Cost Type	Prompt Engineering	Fine-Tuning
Upfront	$0	Training compute ($2–$50+ per run)
Data collection	$0	High (time + annotation)
Iteration speed	Minutes	Hours per run
Inference cost	Higher (longer prompts)	Lower (less context needed)
Break-even volume	N/A	~100k+ calls/month

If you're calling the API fewer than 100,000 times per month, prompt engineering is almost certainly cheaper end-to-end. The inference cost delta only becomes significant at scale.

There's also a maintenance cost: a fine-tuned model is pinned to a specific base model version. When the provider deprecates that version, you retrain. Prompt engineering adapts the moment you update the system prompt.

When Prompt Engineering Is the Right Call

If you're still figuring out what you want the model to do, don't reach for fine-tuning. Prompt changes take seconds; retraining takes hours.

Ninety percent of "the model doesn't do what I want" problems are solved by being more explicit. If the model keeps responding in paragraph form when you want JSON, put RESPOND ONLY WITH VALID JSON. NO EXPLANATION. in all-caps in the system prompt. Works more often than it should.

Fine-tuning also struggles with varied inputs. It excels when the task distribution is narrow and consistent. If your use case covers diverse questions, contexts, or formats, prompt engineering handles that cleanly without extra work.

The operational overhead of fine-tuning is real: data pipelines, training jobs, model versioning, regression testing. A two-person team shipping fast usually can't absorb that without slowing down.

When Fine-Tuning Is Actually Justified

Fine-tuning earns its cost in specific situations.

When tone and style consistency matters more than anything else — a brand voice that can't be adequately described in a system prompt because it's a feel, not a rule set — showing the model hundreds of examples works better than describing the style in words. You know it when you try to write the system prompt and realize you can't.

When you have proprietary domain vocabulary: medical records, legal documents, internal codebases, niche technical domains. The base model doesn't know your company's product names or field-specific abbreviations. Fine-tuning internalizes them; a system prompt that defines every term gets unwieldy fast.

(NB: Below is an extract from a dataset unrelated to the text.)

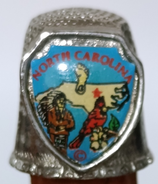 • Dedal de Metal Colecionável Souvenir - North Carolina (Carolina do Norte)Escudo central colorido apresentando o mapa do estado, um cardeal-vermelho (pássaro oficial), a flor do estado (dogwood) e a figura de um nativo americano.
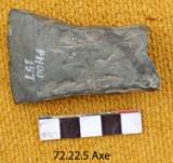 The tool is slightly convex with an uneven platform. Both the sides are concave and retain marks of chipping. Both the faces are chipped and retain flake scars. It has a tapering working edge. Section is uneven and is notched. The tool retains use marks.

When you're running the same narrow task at high volume. A fine-tuned smaller model (like GPT-4o mini) can match a larger prompted model's quality at lower inference cost. The break-even depends on your volume and how much prompt context you're currently sending, but it usually lands around 100,000 calls per month.

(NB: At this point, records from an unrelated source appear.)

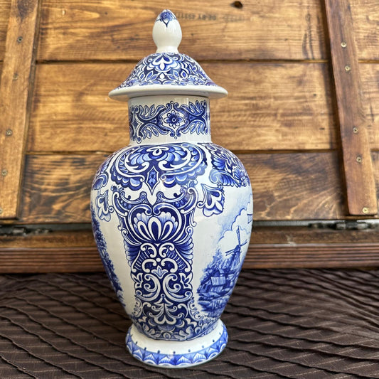 Ceramic Pottery Urn with Lid in Delft Style – T. Delfts Blauw
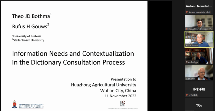 2022年11月11日晚,南非比勒陀利亚大学Theo J. D. Bothma教授与南非斯泰伦博斯大学Rufus H. Gouws教授应邀做客第192期外语论坛·专家论道,以“Information Needs and Contextualization in the Dictionary Consultation Process”(信息需求与词典查询过程中的语境化)为题,联袂为pg娱乐官网师生做了精彩的线上讲座。讲座由pg娱乐官网语言学跨学科研究中心主办,国际知名词典学家、丹麦奥胡斯大学Sven Tarp教授受邀担纲本场讲座主持人。
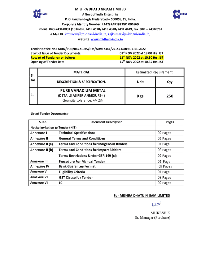 MISHRA DH ATU NI GAM LIMITED A Govt of India Enterprise P. O Kanchanbagh, Hyderabad 500058, TS, India. Corporate Identity Number: L14292AP1973GOI001660 Phone: 0402434 0001 001 (10 lines), 2418 4578/2418

When latency is a hard constraint. Fine-tuned models on smaller bases respond faster than larger models with lengthy system prompts. In real-time applications, that gap matters.

The Decision Framework

Before touching a training dataset, work through this in order:

Does a better system prompt fix the problem? Spend two hours iterating before anything else.
Do few-shot examples close the gap? Add 3–5 worked examples directly in the prompt.
Is this a knowledge problem or a behavior problem? Knowledge gaps usually call for RAG, not fine-tuning. Behavior issues — tone, format, style — are what fine-tuning actually addresses.
Do you have 500+ high-quality labeled examples? Below that threshold, fine-tuning won't reliably outperform a good prompt.
Are you running this at a volume where the inference cost delta matters? Run the numbers.

If you get through all five and the answer still points to fine-tuning, you have a genuine use case. Most problems don't make it past step two.

Wrapping Up

The pattern I see most: someone spends a week building a fine-tuning pipeline, trains on 200 examples, and ends up with results that a 15-minute prompt engineering session would have matched. Fine-tuning is a real lever — it just works best after you've maxed out what prompt engineering can do and have the data volume to back it up.

Start with the prompt. Add examples. If you're still hitting a ceiling after that, check whether your problem fits the fine-tuning profile: consistent narrow task, high volume, proprietary style or vocabulary, hard latency constraints.

One more thing worth knowing: if the issue is domain vocabulary or knowledge gaps, embeddings-based retrieval (RAG) often beats fine-tuning at a fraction of the cost — and keeps your knowledge base updatable without rerunning training jobs.